Ao reagir ao que se sofre, corre-se risco de aumentar a própria dose de fel, pelo simples fato de considerar que há possibilidade de fuga do desprazer. Um dos princípios do mindfulness, um conjunto de práticas que visam a melhora da saúde mental através do desenvolvimento de mecanismos de coping, termo usado para descrever estratégias para se lidar com situações adversas, no indivíduo, é adotar a postura contemplativa, e não reativa. Passamos horas a fio realizando automatismos, perdidos nos nossos próprios pensamentos, quase sempre acerca de fatores que estão fora de nosso alcance. Quanto tempo já não foi perdido refazendo diálogos nos quais nos sairíamos tão bem com aquela resposta que agora parece óbvia, ou sem aquele trocadilho que parecia tão inteligente, mas se mostrou tão insosso; espremendo espinhas e pensando qualquer elucubração que, quando finalizada, é esquecida após alguns poucos minutos? Normalizar a experiência do desconforto e apreciá-lo com o máximo de atenção enquanto ele ocorre traz tranquilidade. Enquanto o nosso estado de quietude de mente for condicionado a qualquer fator externo a nós mesmos, corremos o risco de nos vermos reféns dele. Não podemos depender de um cenário favorável para estarmos bem, nem sempre ele está e nem sempre isso cabe a nós. 
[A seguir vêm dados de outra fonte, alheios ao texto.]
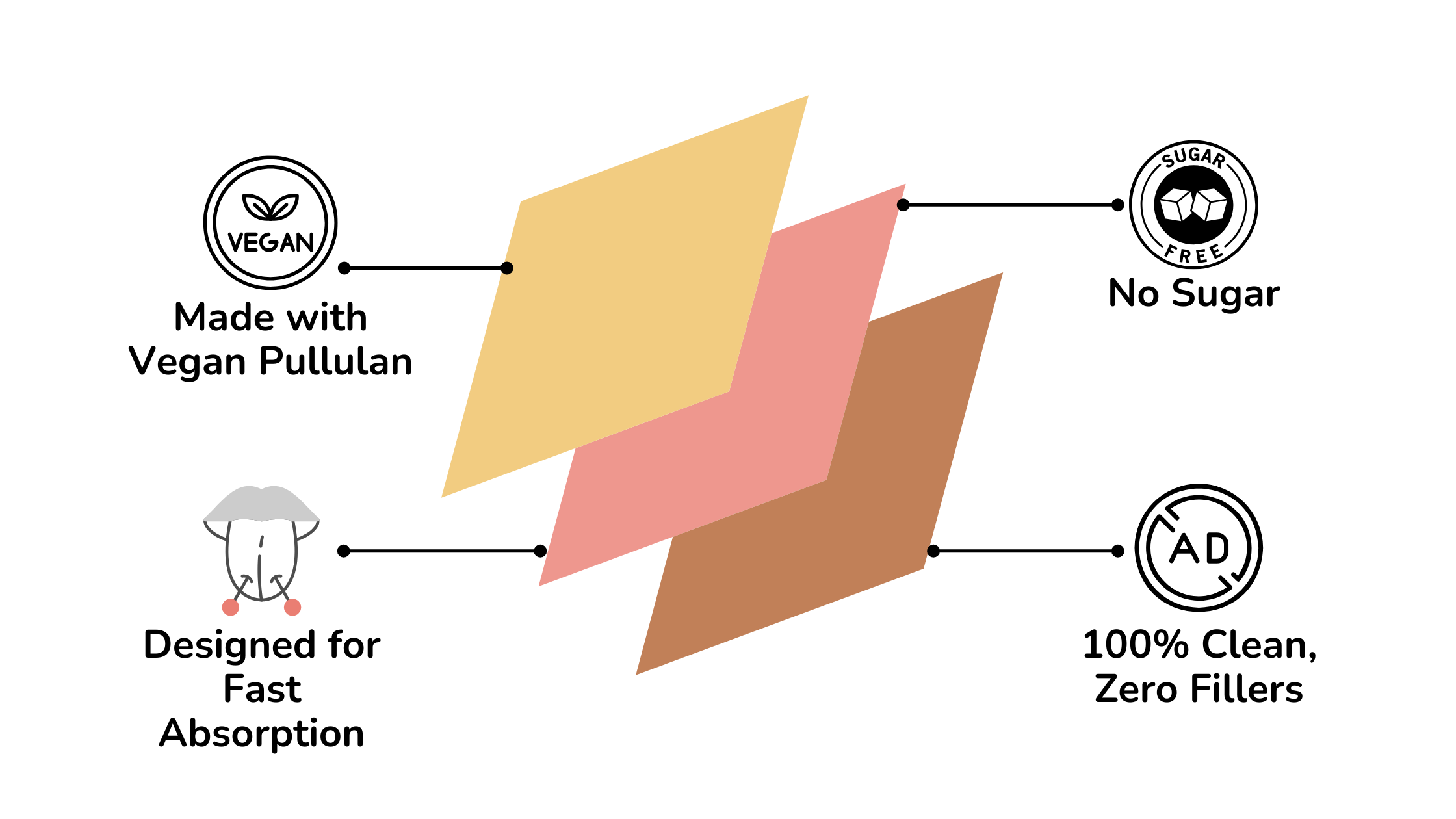 Meet the smarter way to supplement. Simply place a strip on your tongue — it dissolves in seconds and absorbs directly into your body, bypassing the digestive system for instant results.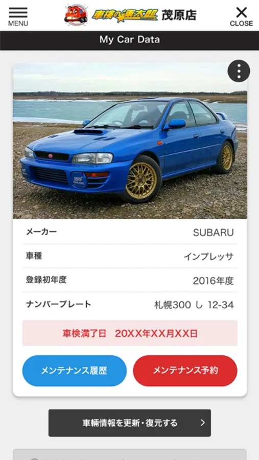 一度店舗へご来店いただきお車の登録がある場合、アプリに必要情報を入力していただくと、ご自身のお車の車検時期などがアプリ上でご確認いただけます!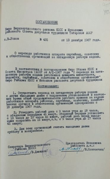 Так, например, согласно решения исполкома от 07.02.1968 г., учитывая многочисленные просьбы трудящихся детские ясли, детские сады с.В.Услон были переведены на 6 дневную рабочую неделю с 8.00 до 18.00.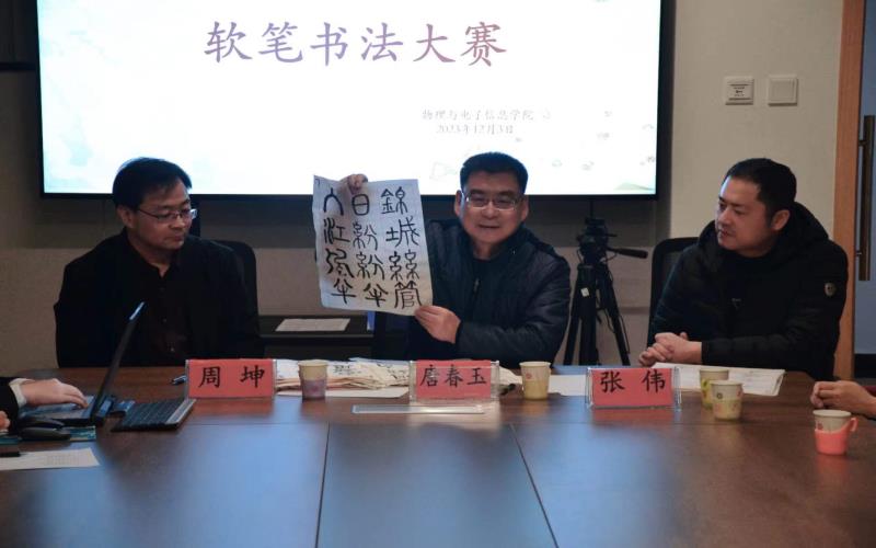 12月3日,学院在知行楼A618会议室举办师范生“执笔书经典 古韵逸书香”书法比赛,共有28名同学参加比赛。内蒙古民族大学唐春玉教授、周坤副教授、通辽市书法协会张伟副秘书长担任评委,物理与电子信息学院院长李培芳老师、学院分工会主席韩元春老师出席比赛。

Nossas desilusões serão frequentes, intensas e parte de nossa história. É importante que possamos apreciar a poesia delas e a maneira como elas nos tornam uma comunidade, em toda amplitude de sua lúgubre graciosidade. A percepção da beleza, filosoficamente, com frequência é associada a uma espécie de reação metafísica ao que é bom de fato, por isso dizemos que aquela história de superação ou de abnegação é tão bonita, ela fala conosco de uma forma que nem sempre compreendemos totalmente. A arte, segundo Aristóteles, deve gerar uma catarse, através da tradução da beleza, mostrando o que é bom e cultivando virtudes aos espectadores. Na narrativa da criação bíblica, há sempre menção da contemplação do criador em relação ao caráter da obra criada: “e viu Deus que era bom”. O princípio de atenção espectadora ao que acontece, enquanto acontece, narrado inicialmente em práticas budistas, hoje foi formalizado com objetivo terapêutico pelas práticas de mindfulness, com evidências promissoras em diversos cenários diferentes. Várias sabedorias milenares e atuais têm nos indicado isso.

Apreciar o lirismo de nosso azar é indispensável. Parafraseando Caetano, cada um deve contemplar a dor e a beleza de ser quem é. Aceitar e observar o desenrolar do próprio filme parece fazer mais sentido. Mecanismos de defesa inconscientes não nos tornam mais aptos a lidar com nossas tragédias. É inútil adotar uma postura reativa, fingindo que temos controle sobre cada causa e consequência a serem desenroladas nessa narrativa surpreendente, já escrita pela lei natural, que é a realidade. Contemplar nosso comportamento muitas vezes nos traz respostas a perguntas sobre as quais nos indagamos com frequência, enquanto dirigimos e torcemos para o sinal vermelho se abrir, passeamos por feeds de redes sociais e canais de televisão. Algumas respostas não precisam ser descobertas, só percebidas através da apreciação detalhada de nossa epopeia.

René Magritte. La Reproduction interdite. Brussels, 1937.